Consider this excerpt:

In the seminal ESA case, Tennessee Valley Authority v. Hill, 437 U.S. 153 (1978), the Supreme Court held that the ESA’s unequivocal mandate that federal agencies “insure” that their actions do not “jeopardize” any species protected by the statute meant that a multimillion dollar dam project already near completion could not proceed because its completion threatened the existence of the snail darter, a small endemic fish of no known economic value. . . . In the nearly three decades since TVA was decided, courts enforcing the ESA have halted such activities as logging to protect threatened owls, commercial fishing and military activities to protect marine mammals, oil and gas development to protect wolves and grizzly bears, pesticide authorizations to protect imperiled salmon, and numerous other habitat-damaging activities that threatened a particular protected species. Whether GHG emissions can be halted to protect polar bears will be a test of the statute’s continuing relevance in the twenty-first century. [Emphasis added]
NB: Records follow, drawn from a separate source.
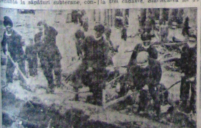
De abia sosiți legionarii dela Avrig au început lucrul, greu alături de camarazii lor din Capitală.

Dacă în această parte, ultima de explorat se va vedea că totul este prăbușit ca și în celelalte 5 părți explorate până acum, se va renunța la săpături subterane, con-
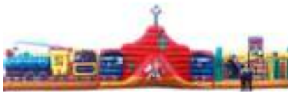
GRAND CANYON GONFLABLE

Published on Monica Médias ( https://www.monicamedias.com )
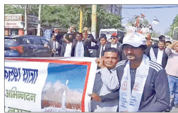
नारनौल। शहर में पहुंची शहादत माटी कलश यात्रा।
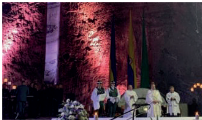
En una solemne Eucaristía, Monseñor Fabio Suescún, Obispo Castrense de Colombia, Monseñor Jorge Hincapié Henao, Vicario General y el Capellán General del Ejército Nacional, Presbítero Héctor Pongutá, realizaron la entronización de la Virgen del Soldado en la Catedral de Sal en Zipaquirá, con la asistencia de oficiales y suboficiales del Ejército Nacional y la Fuerza Aérea. #HéroesBicentenario
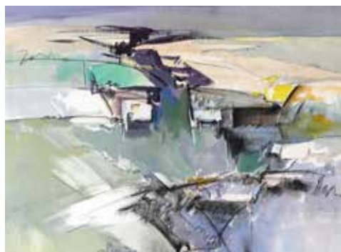
OPERA DI GIUSEPPE ZINI
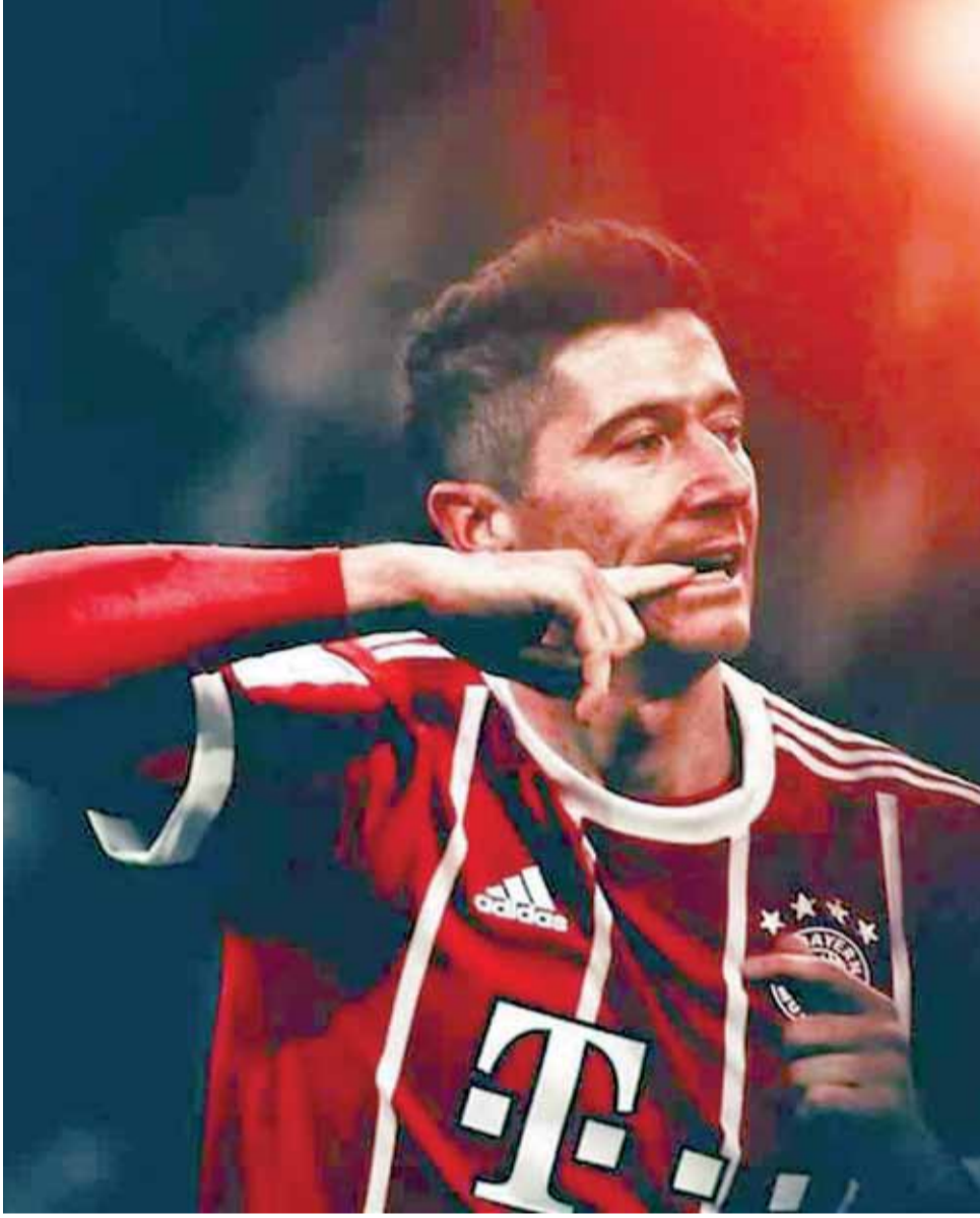
لاعب بايرن ميونخ ليفاندوفسكي

Ominously, Cummings and Siegel don’t say that the continuing relevance of the ESA depends on its ability to reduce or limit GHG emissions, but to “halt” them.
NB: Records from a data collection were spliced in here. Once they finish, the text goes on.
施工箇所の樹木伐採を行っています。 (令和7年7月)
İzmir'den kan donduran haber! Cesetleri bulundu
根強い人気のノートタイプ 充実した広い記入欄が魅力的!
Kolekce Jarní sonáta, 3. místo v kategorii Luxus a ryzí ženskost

The authors go on to discuss Sections 7 and 9 of the ESA, and how those provisions can be used to block energy projects and control energy use.
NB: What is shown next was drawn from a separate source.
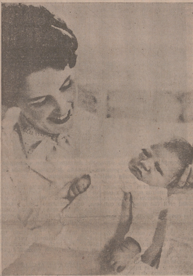
María Teresa Wurtemberg, casada con el Conde de Clermont, Enrique de Francia, hijo del Conde de París, ha dado a luz una niña, la princesa María Isabel Margarita Ana. Querían un niño, que a su tiempo hubiese heredado el título de pretendiente al trono de Francia. Otra vez será.

Las mejores fotografías del mundo en «ARRIBA»
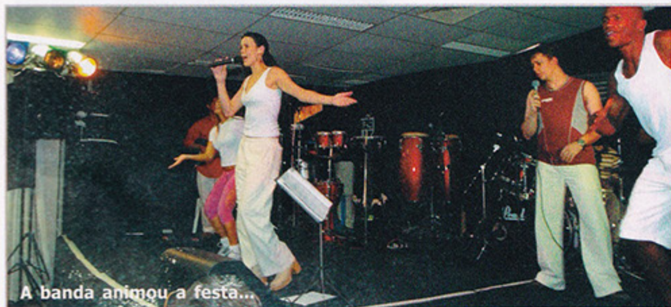
A banda animou a festa...

E na terça-feira à noite, os adultos se despediram do carnaval 2005, com a 'Folia Tropical'. O salão de festas recebeu uma decoração especial, com coqueiros e bananeiras, e a festa rolou até de madrugada. Em clima bem tropical, foi oferecida aos foliões uma mesa de frutas para compensar o desgaste do último dia de carnaval, que foi de muita animação.

Section 7 directs all federal agencies to consult with the FWS to ensure that “all actions authorized, funded, or carried out by such agencies are ‘not likely to jeopardize the continued existence’ or ‘result in the destruction or adverse modification of habitat’ of any listed species.” This means that “if the project [authorized, funded, or carried out by an agency] is determined to jeopardize a listed species or adversely modify its critical habitat, the statute can trigger modification or cancellation of the project so as to avoid such impacts.”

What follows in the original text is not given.